Stephen Fry admits doing 'absolutely no work' at Cambridge
Stephen Fry has admitted he did 'absolutely no work' at Cambridge and spent most of his time at the university doing drama.
The Norfolk-based broadcaster, who got a 2:1 in English literature from the university, said it would have been "an outrage" if he had got a first class degree.
Fry told Desert Island Discs host Kirsty Young he is still "in the honeymoon phase" after his marriage to 27-year-old partner Elliot Spencer and says the pair have talked about becoming parents.
The broadcaster, who tied the knot with Spencer in January, told Desert Island Discs host Kirsty Young he was "adoring" marriage.
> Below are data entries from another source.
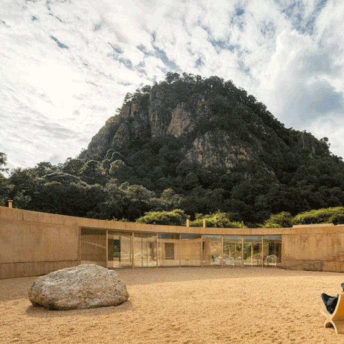Фернанда Каналес спроектировала круглый дом с внутренним двориком в Валье-де-Браво, Мексика, как солнечные часы, отражающие течение времени. Свет попадает внутрь из окон, ориентированных наружу, в сторону горы и вулкана, а затем, с наступлением ночи, падает из центра круглого двора.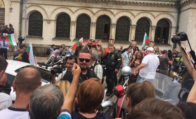 /КРОСС/Русофили и русофоби посрещнаха "Вълците на Путин" пред храм-паметника „Александър Невски".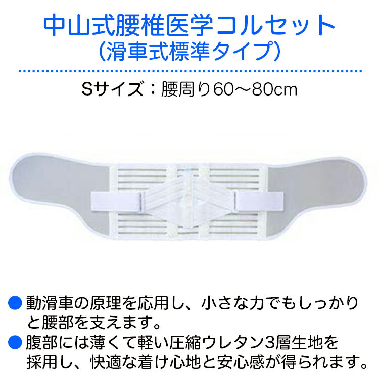 中山式腰椎医学コルセット(滑車式標準タイプ) 規格:S 適用範囲(腰周り):60〜80cm 腰部サポーター 腰痛ベルト 腰用サポーター 腰部固定帯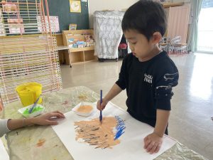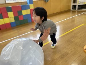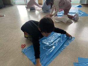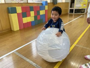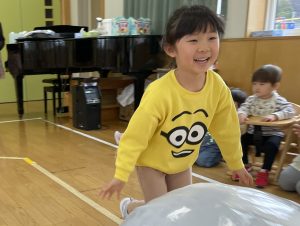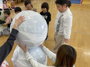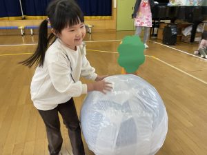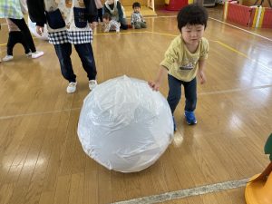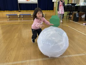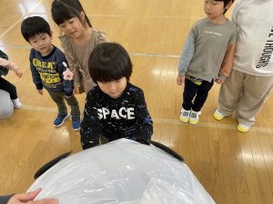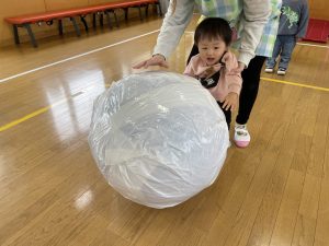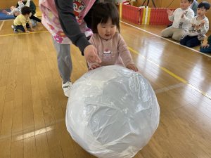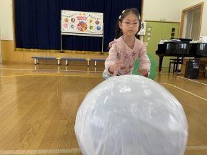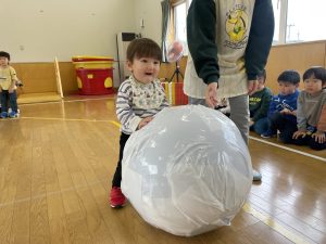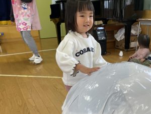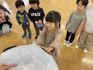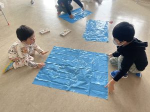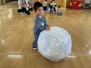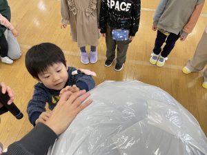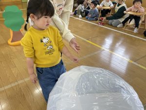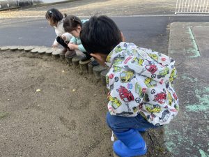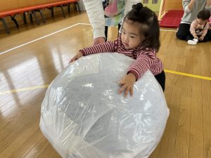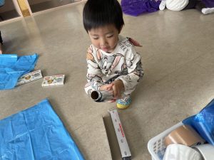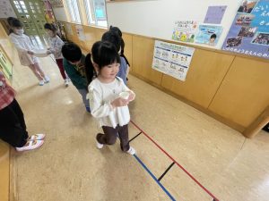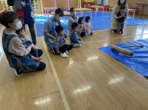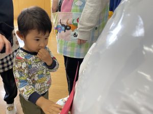 洗面器や紙コップ、風船などに水を入れて、お外へ。明日、どうなっているか楽しみですね。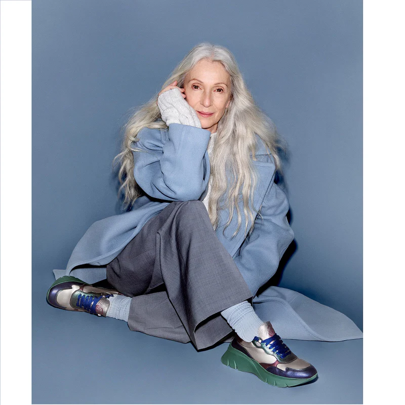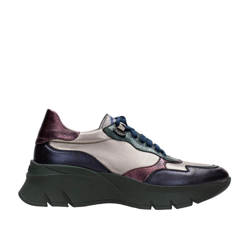 Deportiva con suela volumen de 5 cm, elaborada con una original combinación de materiales formada por piel, tejido de franela y glitter.

Fry, who dedicated Ella Fitzgerald's Do I Love You? to Mr Spencer, describing him as the "great love of my life", was asked if the couple would like to bring up children and answered: "We sort of talk about it and I suddenly think, 'Oh my goodness I'm such an age now', but actually that's rather good, but we better get on with it if we do."
Among the other tracks chosen by Fry, 57, were two he had heard his long-time collaborator Hugh Laurie play during their time at university, including Nina Simone's I Wish I Knew How It Would Feel To Be Free.
Fry, who also chose composer Arthur Wood's Barwick Green which is better known as the theme tune to The Archers, was asked what he thought the Prince of Wales made of the revelations in his last autobiography that he had taken cocaine during a visit to Buckingham Palace.